The above code is only for the idea to display, the actual operation to use to the MongoDB database, and may not have access to a bay site and can not get normal results.

Therefore, the film to the site used by the crawler is not difficult to write, difficult is to obtain data after how to organize to obtain useful information. For example, how to match a movie information with a resource, how to create an association between a video library and a link between videos, all of which need to be tried in a variety of ways, and then choose a more reliable one.

There was a classmate sent an e-mail want to spend money also want to get my crawler source code.
If I really give, my crawler on a few hundred lines of code, a A4 paper, he will not say, Pit dad Ah!!! ......

All say that now is the era of information explosion, so compared to who the data mining ability is strong

Well, then the problem comes.
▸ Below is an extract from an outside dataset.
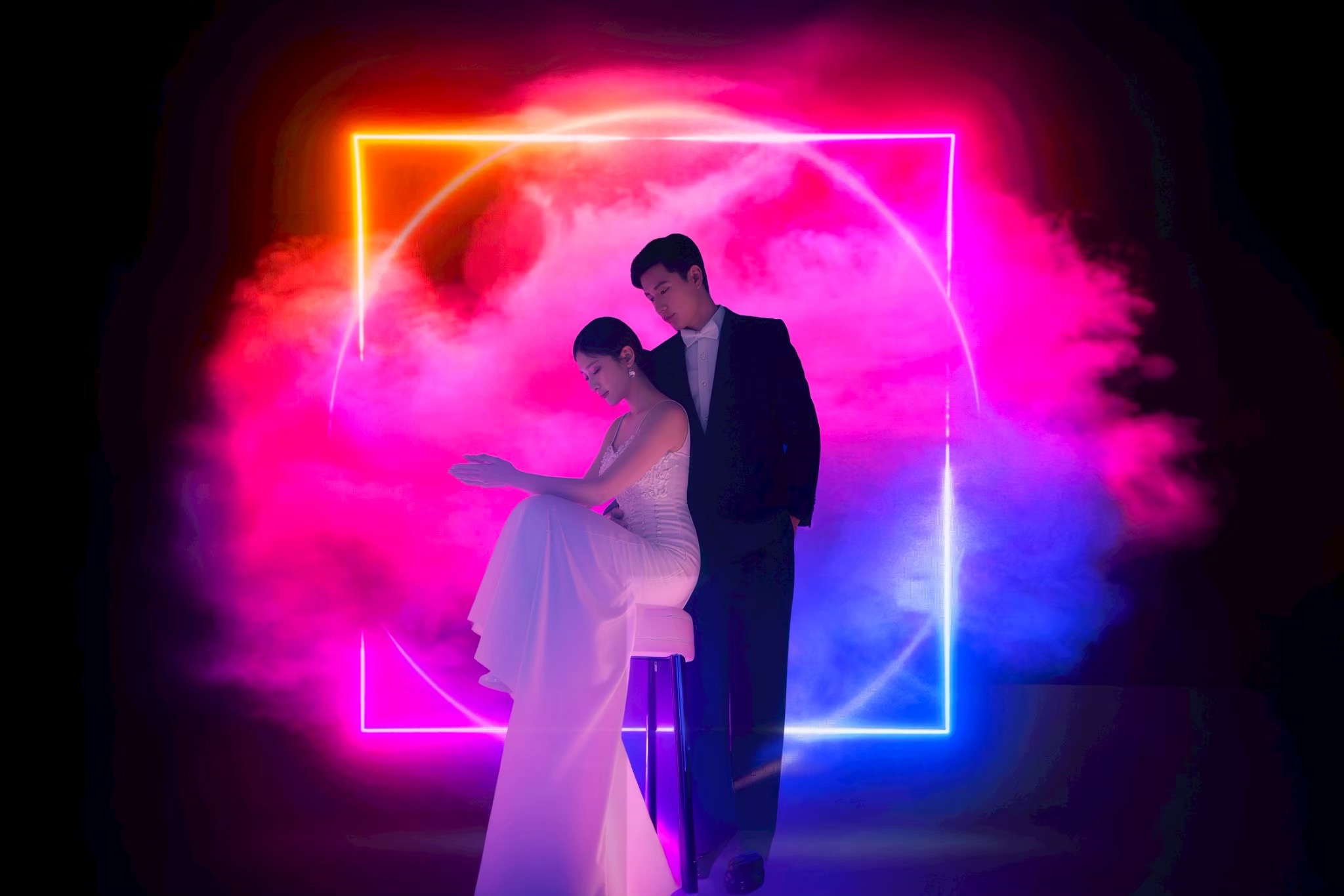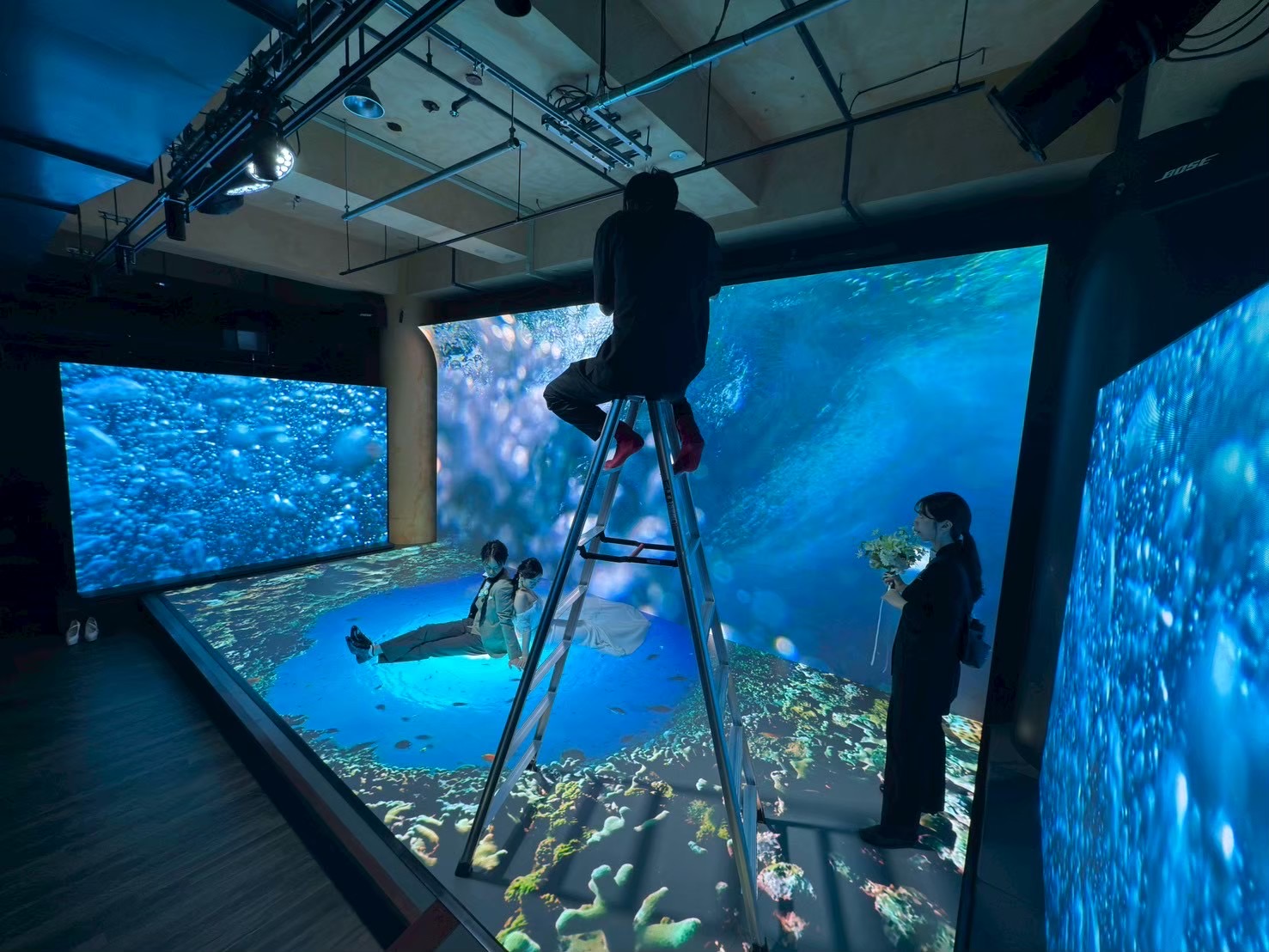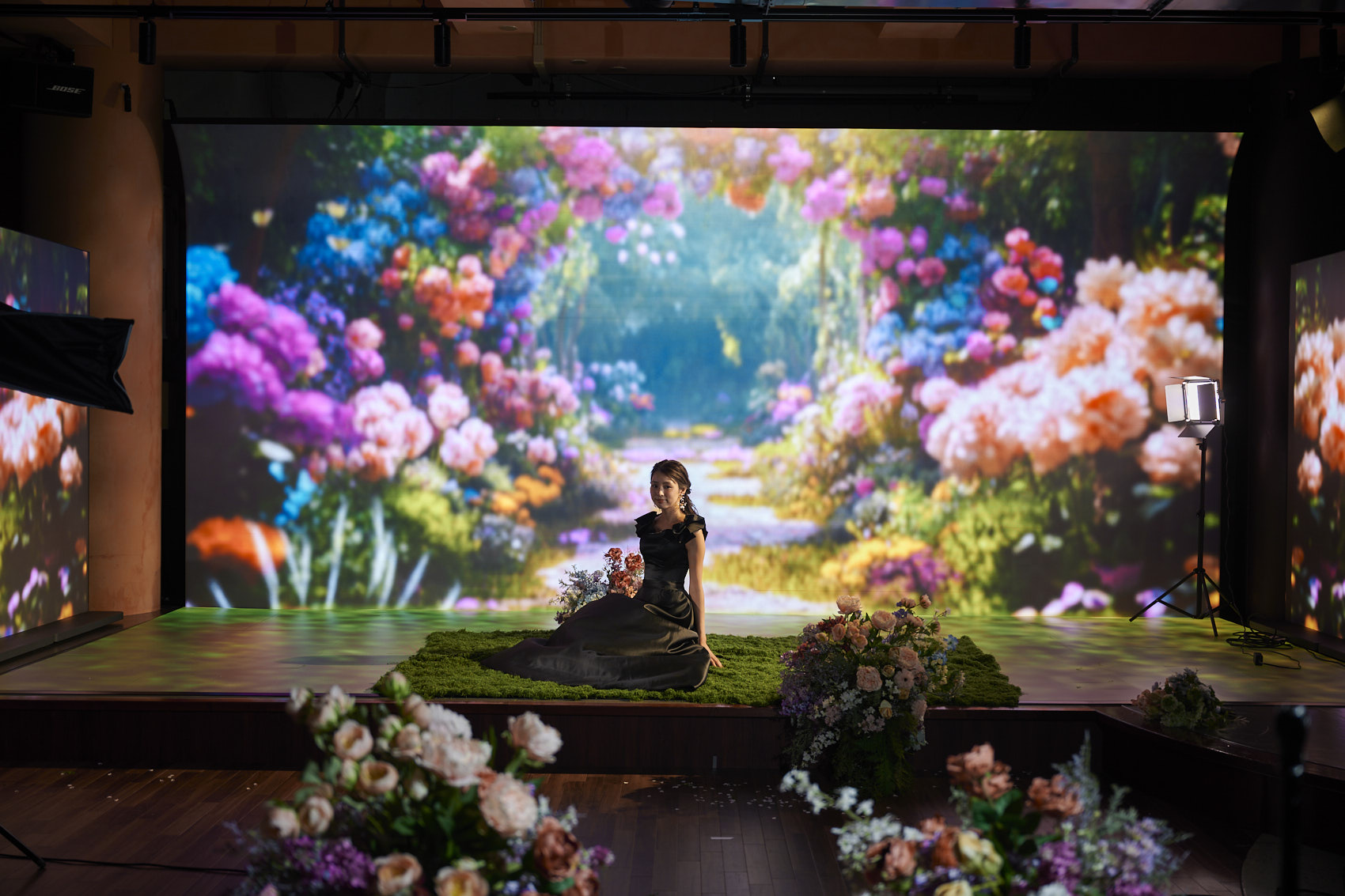 B.B.S.は関西エリアでは希少なLEDビジョン常設のバーチャルプロダクションスタジオ。背景をリアルタイムに映し出すことで“その場にいるような”臨場感を生み出します。撮影現場には専任の映像・音響・照明オペレーターが演出をサポート。さらに装飾チームが入り、演出から空間構成までトータルにサポートします。MVや広告、配信コンテンツ、ブライダル撮影まで、多様な撮影ニーズに応えるスタジオです。

Learning Excavator (data) technology in the end which strong?

Related Article

Contact Us

The content source of this page is from Internet, which doesn't represent Alibaba Cloud's opinion; products and services mentioned on that page don't have any relationship with Alibaba Cloud. If the content of the page makes you feel confusing, please write us an email, we will handle the problem within 5 days after receiving your email.

If you find any instances of plagiarism from the community, please send an email to: info-contact@alibabacloud.com and provide relevant evidence. A staff member will contact you within 5 working days.

A Free Trial That Lets You Build Big!

Start building with 50+ products and up to 12 months usage for Elastic Compute Service

  • Sales Support

    1 on 1 presale consultation

  • After-Sales Support

    24/7 Technical Support 6 Free Tickets per Quarter Faster Response

  • Alibaba Cloud offers highly flexible support services tailored to meet your exact needs.